# c++ compiler for windows 7



## chinkal (May 11, 2011)

does any1 out thr knw any c++ compiler dat wrks wid windows 7 ... pls suggest...


----------



## Garbage (May 11, 2011)

Bloodshed Software - Dev-C++


----------



## Liverpool_fan (May 11, 2011)

MinGW + Geany 
Ah yeah do read the stickies, stickies are meant for reading 
*www.thinkdigit.com/forum/programming/132924-c-c-beginners-guide-post-basic-questions-here.html


----------



## Neuron (May 11, 2011)

I will recommend Visual C++ 2010 Express.Don't know about others,but VC++ marks almost all the errors in real time which you'll find really handy.


----------



## abhijangda (May 12, 2011)

use any compiler mingw through Dev-C++ or CodeBlocks, Microsoft Visual C++ 2010/2008/2005. But NEVER EVER USE THOSE DECADES OLD OUTDATED TURBO C/C++.


----------



## amirajdhawan (May 12, 2011)

Still if you like the old stuff..or for some reason have to work with the graphics.h(still usd in colleges) then u cn install dos emulator n the normal turbo c++ n use it inside dos emulator...it works in windows 7...else for a modern IDE go for netbeans with c++ plugin....also good for java!


----------



## nims11 (May 13, 2011)

amirajdhawan said:


> Still if you like the old stuff..or for some reason have to work with the graphics.h(still usd in colleges) then u cn install dos emulator n the normal turbo c++ n use it inside dos emulator...it works in windows 7...else for a modern IDE go for netbeans with c++ plugin....also good for java!

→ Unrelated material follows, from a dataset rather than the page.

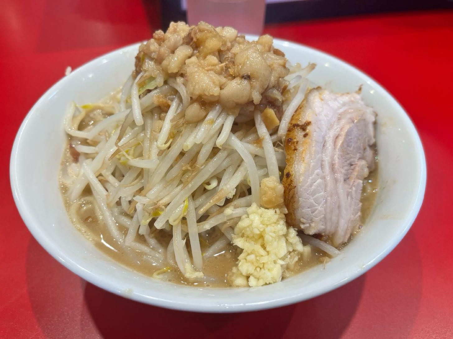 醤油感弱目のしっかり乳化スープに平打麺とシャキヤサイ。最近は乳化は控えめな方が本家っぽいと人気かと思いますが、こう言う感じも結構好き。平打麺と相まってちばからインスパイアと言ったりしますが。

if anyone needs graphics.h, it can still be used under minGW. all the functions are same. 
WinBGIm - Borland BGI emulation for MingW
i use it quite often

and btw i don't suggest DEV-C++ as it is not up to date. i use codeblocks


----------



## chinkal (May 14, 2011)

Thnx evry1!!! n yeah i think dev c++ isnt up-to-mrk.......


----------



## Garbage (May 14, 2011)

chinkal said:


> n yeah i think dev c++ isnt up-to-mrk.......



May I know why? Because I think its pretty good.


----------



## nims11 (May 14, 2011)

its not bad but there are IDEs better than that.


----------



## akj_1989 (May 15, 2011)

Visual C++ is a very good compiler, though it takes up a lot of space...


----------



## chinkal (May 15, 2011)

Garbage said:


> May I know why? Because I think its pretty good.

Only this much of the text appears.